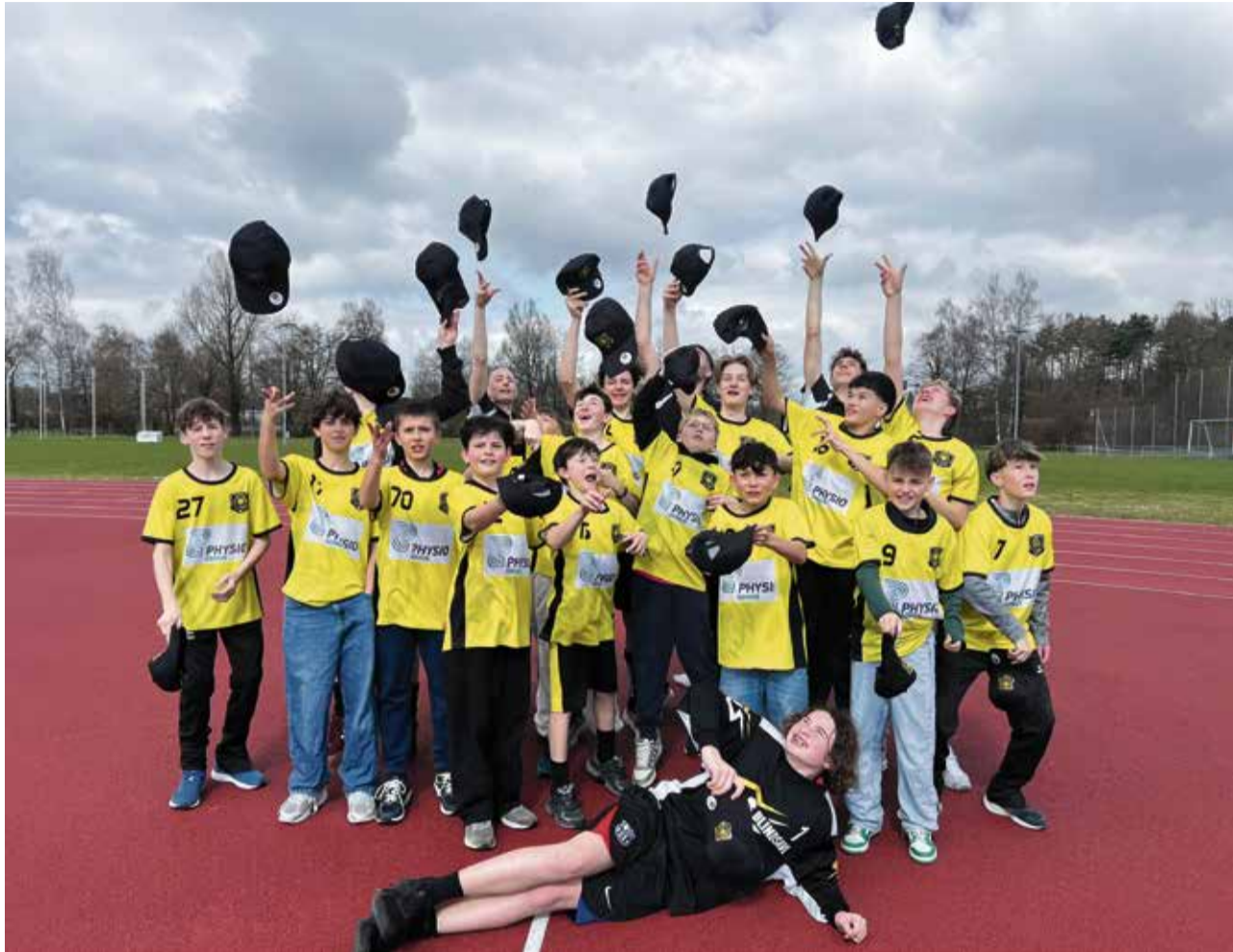
Sie holten in 17 Meisterschaftsspielen 15 Siege: Die U14-Junioren der Lions Meilen Uetikon.
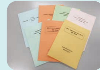
調査研究の報告書を会員事業所へ配付
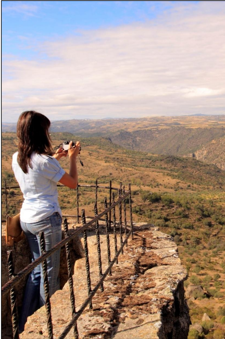
Las vistas del territorio del Parque Natural Arribes de Duero desde el alto de Fermoselle animan a la práctica de la fotografía de paisajes.
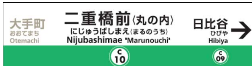
駅名標イメージ図

（※）一部駅名標や車内案内装置等においては更新作業の都合上、表示開始時期が前後する場合がございますので、予めご了承ください。
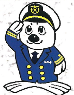
海上保安庁 イメージキャラクター 『うみまる』
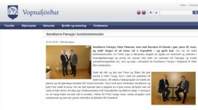
Mynd 6 Sendimaðurin á vitjan í Vopnafirði saman við borgarstjórnunum.
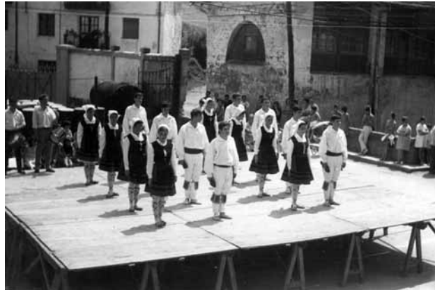
Grupo de Danzas Alkartasuna actuando con motivo de las fiestas del patrono de Molinao, Santo Domingo de Guzmán, el 8 de agosto de 1968.
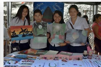
Feria de Jóvenes Emprendedores
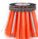
Terrazza Weedee® Unkrautentfernungsbürste

__Task goal__: All of the material should be written out again exactly, apart from the pictures.

__Written answer__:
Sie holten in 17 Meisterschaftsspielen 15 Siege: Die U14-Junioren der Lions Meilen Uetikon.
調査研究の報告書を会員事業所へ配付
Las vistas del territorio del Parque Natural Arribes de Duero desde el alto de Fermoselle animan a la práctica de la fotografía de paisajes.
駅名標イメージ図

（※）一部駅名標や車内案内装置等においては更新作業の都合上、表示開始時期が前後する場合がございますので、予めご了承ください。
海上保安庁 イメージキャラクター 『うみまる』
Mynd 6 Sendimaðurin á vitjan í Vopnafirði saman við borgarstjórnunum.
Grupo de Danzas Alkartasuna actuando con motivo de las fiestas del patrono de Molinao, Santo Domingo de Guzmán, el 8 de agosto de 1968.
Feria de Jóvenes Emprendedores
Terrazza Weedee® Unkrautentfernungsbürste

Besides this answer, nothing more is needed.